He's the co-host of Real Clear Politics on the Megan Kelly Channel on Sirius XM 11 and just
an all-around good guy, bald guy, but a guy.
Love it.
Good to be with you, Emily.
So happy to have you, Tom, especially omit, um, emits.
your bid for the Washington Post.
Tom Bevin has an offer on the table to acquire the Washington Post.
Tom, you're offering, what, a cool 50 mil for the Washington Post?
We can put it up on the screen.
So he bought, Jeff Bezos bought the Post in 2013, 24, something.
It's been 12 or 13 years that he's owned it now.
And he bought it for $250 million, which was seen as kind of a bargain at the time.
but obviously this thing has been nothing but a headache for him and he's been losing well a lot of money on it
some say $100 million a year maybe more so you know my idea was I'm sure he's probably just fed up with it
he'd love someone to just take it off his hands 50 million would seem like a nice round number for
him although Carl Cannon on the show today as soon as I made that off of Carl's like
I think it's too much. I think. And so today I said, I said 10 million and he goes, no,
one million. I doubt Jeff Bezos is going to sell The Washington Post for one million. So we'll
see. Our offer is negotiable. But I do think as I look at that organization, how it's been run,
that, you know, you see all these journalists, the amount of emoting and rending of garments on X
today by all of these folks about how awful Jeff Bezos is and, you know, how he should
just out of the goodness of his heart and because he's worth, you know, hundreds of billions of
dollars that he should just fund this indefinitely and just lose money forever and ever as a sort of, you know,
his civic duty or something is kind of humorous to me.
As someone who's run a started a media company from scratch and has, we're independent.
We don't have a big, you know, sugar daddy billionaire.
We have to make payroll every single month.
And let me tell you, like the economics of this business are tough.
They are immutable.
You know, you can put your head in the sand and try and ignore them.

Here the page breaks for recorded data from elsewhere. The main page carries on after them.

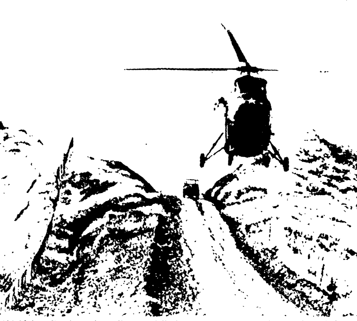
L'AVANA — Una jeep ed un elicottero delle forze armate americane fanno la linea di demarcazione fra la base americana di Guantanamo e il resto del territorio cubano

Ne fanno parte due portaerei, incrociatori armati di missili, sommergibili atomici e mille fucilieri di marina - Guantanamo inclusa nelle «manovre»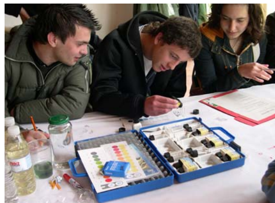
IES Palas de Rei. 15 Abril 2008

rapaces/zas procedentes de A Coruña, Lugo e Ourense, participaron neste novo programa.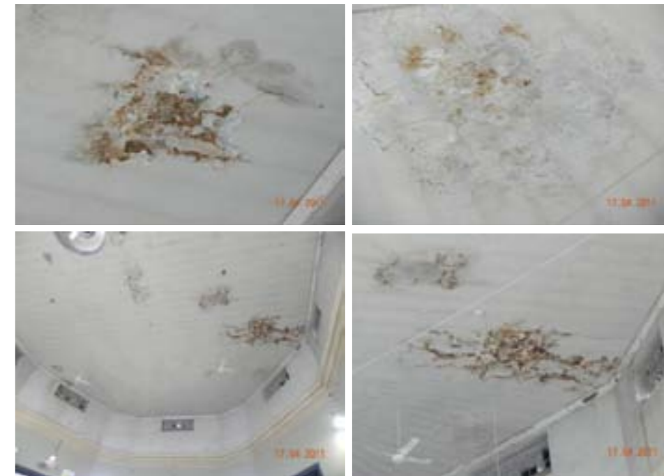
Cielorraso – óxido de la estructura que lo sostiene, se deberán armar andamios(aprox. h/15m) picar revoque y verificar filtraciones y estado de la misma.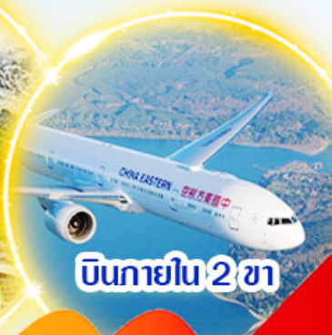
บินภายใน 2 ชม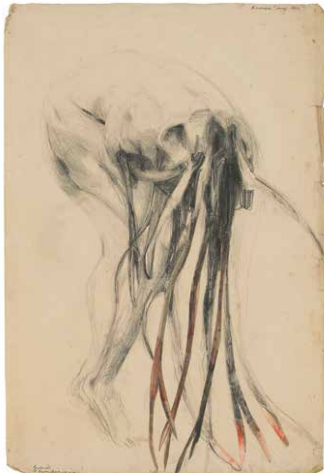
Berlinde De Bruyckere | Romeu my deer, 2010 - 2011 | Private Collection. Courtesy Hauser & Wirth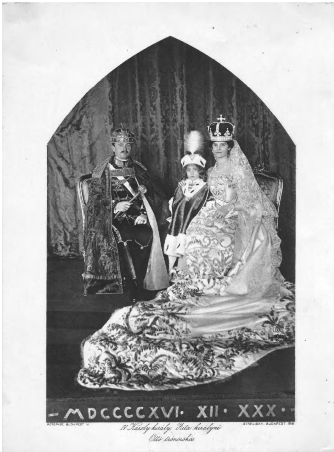
Koronázási emlék, 1916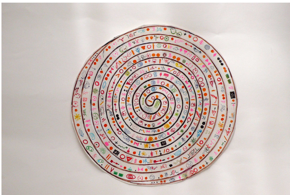
Dessin préparatoire, toile spirale en "Quentin-Babelweb", acrylique sur toile, 2 mètres de diamètre.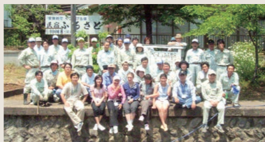
別所温泉駅ホームの花壇整備

but at the end of the day, the economics will catch up to you.
And so this idea that, you know, the Washington Post has to have a reporter
or two or three reporters covering the intersection of race and gender and, you know,
health care and all these things.
It's just like, no, I don't think so.
And by the way, my plan when we purchase the Washington Post
would be to put Carl Cannon in charge.
Now, Carl is.
you know, his father worked for the Washington Post for like 25 or 30 years, covered
Ronald Reagan, and Carl is an old school. It comes from sort of this old school dynastic
journalism family. And if anyone could whip that place into shape and restore it to its
former greatness just through, you know, sheer common sense and adherence to sort of the traditional
journalistic principles, it's Carl Cannon and he could do it. And I'd be right there sort of
cheering him along. I love that idea. I know, right? It's good. It's a good plan. It'd be tough love,
of course, from Carl Cannon. And some people just would not like it, Tom. You know, but the thing about
Carl is, is such an agreeable person. I mean, I've, Carl's worked for us for about, oh man,
at least 15 years, but he's been in Washington for 40 years or so, 50 years probably,
working in Washington for that long.
And you can't say this about many people.
He might be the only one you can say this about.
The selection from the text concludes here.